Activity
The whole listing, apart from its images, should be restated word for word.

Data provided
-*-*-

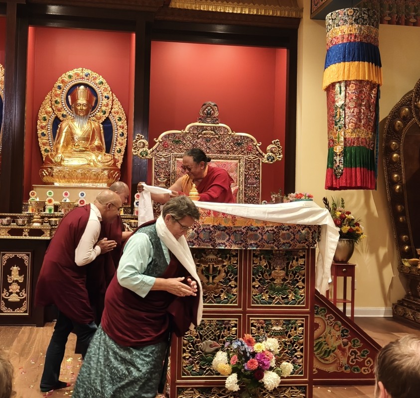 The transmissions concluded with Jetsün Khandro Rinpoche expressing deep gratitude to His Eminence Dzigar Kongtrul Rinpoche and the offering of mandala and ten sum to His Eminence by Dungse Rinpoche and Jetsün Rinpoche.
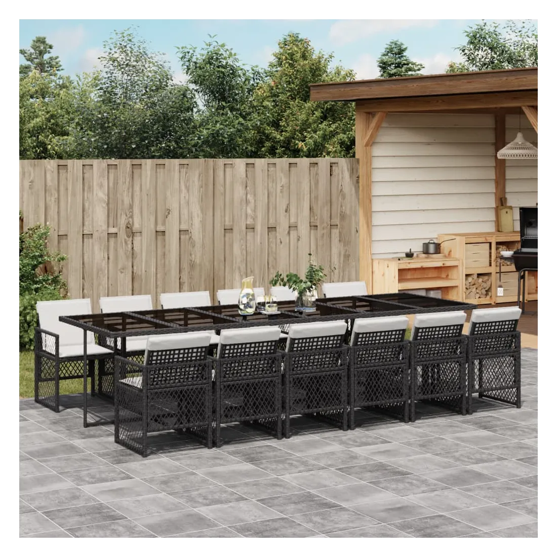 Cet ensemble de salle à manger de jardin est un excellent choix pour les repas en plein air ou pour vous détendre dans le jardin, l'arrière-cour ou le patio. Matériau durable : la résine tressée, également connue sous le nom de poly rotin, est un matériau synthétique solide et nécessitant peu d'entretien qui ressemble au rotin naturel. Elle est légère, facile à nettoyer et couramment utilisée pour les meubles d'extérieur en raison de sa durabilité et de ses propriétés de résistance aux intempéries. Dessus en verre : le dessus de la table d'extérieur est fabriqué en verre trempé solide et durable, ce qui le rend facile à nettoyer avec un chiffon humide et ajoute une touche d'élégance à votre espace extérieur. Rangement compact : ces chaises sont dotées d'un dossier rabattable, ce qui permet de les ranger facilement sous la table. Une fois pliées, elles se rangent parfaitement sous la table, formant un cube peu encombrant. Expérience d'assise confortable : ce mobilier d'extérieur, doté de coussins épais, offre une expérience d'assise confortable. Housse amovible et lavable : ces coussins de siège sont dotés de housses amovibles pour un lavage et un entretien faciles. Les housses de coussin de chaise ont un rabat à l'arrière pour une fixation facile aux chaises. Bon à savoir :Pour que vos meubles d'extérieur restent beaux, nous vous recommandons de les protéger avec une housse imperméable.
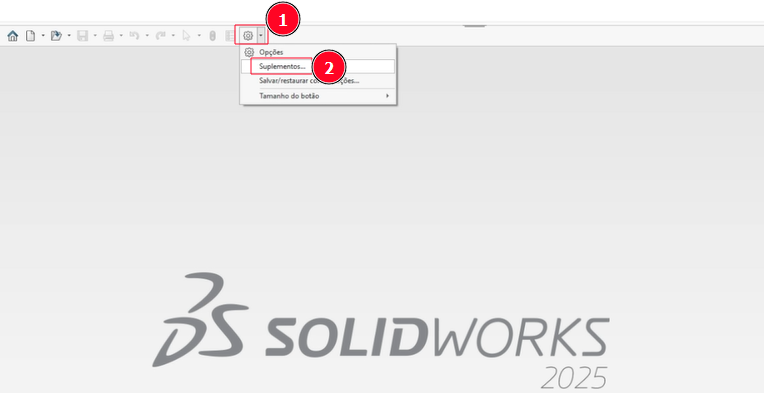 Para resolver essa situação, se faz necessário acessar as configurações do SolidWorks e ir em "Suplementos"

-*-*-

Output for this task
 The transmissions concluded with Jetsün Khandro Rinpoche expressing deep gratitude to His Eminence Dzigar Kongtrul Rinpoche and the offering of mandala and ten sum to His Eminence by Dungse Rinpoche and Jetsün Rinpoche.
 Cet ensemble de salle à manger de jardin est un excellent choix pour les repas en plein air ou pour vous détendre dans le jardin, l'arrière-cour ou le patio. Matériau durable : la résine tressée, également connue sous le nom de poly rotin, est un matériau synthétique solide et nécessitant peu d'entretien qui ressemble au rotin naturel. Elle est légère, facile à nettoyer et couramment utilisée pour les meubles d'extérieur en raison de sa durabilité et de ses propriétés de résistance aux intempéries. Dessus en verre : le dessus de la table d'extérieur est fabriqué en verre trempé solide et durable, ce qui le rend facile à nettoyer avec un chiffon humide et ajoute une touche d'élégance à votre espace extérieur. Rangement compact : ces chaises sont dotées d'un dossier rabattable, ce qui permet de les ranger facilement sous la table. Une fois pliées, elles se rangent parfaitement sous la table, formant un cube peu encombrant. Expérience d'assise confortable : ce mobilier d'extérieur, doté de coussins épais, offre une expérience d'assise confortable. Housse amovible et lavable : ces coussins de siège sont dotés de housses amovibles pour un lavage et un entretien faciles. Les housses de coussin de chaise ont un rabat à l'arrière pour une fixation facile aux chaises. Bon à savoir :Pour que vos meubles d'extérieur restent beaux, nous vous recommandons de les protéger avec une housse imperméable.
 Para resolver essa situação, se faz necessário acessar as configurações do SolidWorks e ir em "Suplementos"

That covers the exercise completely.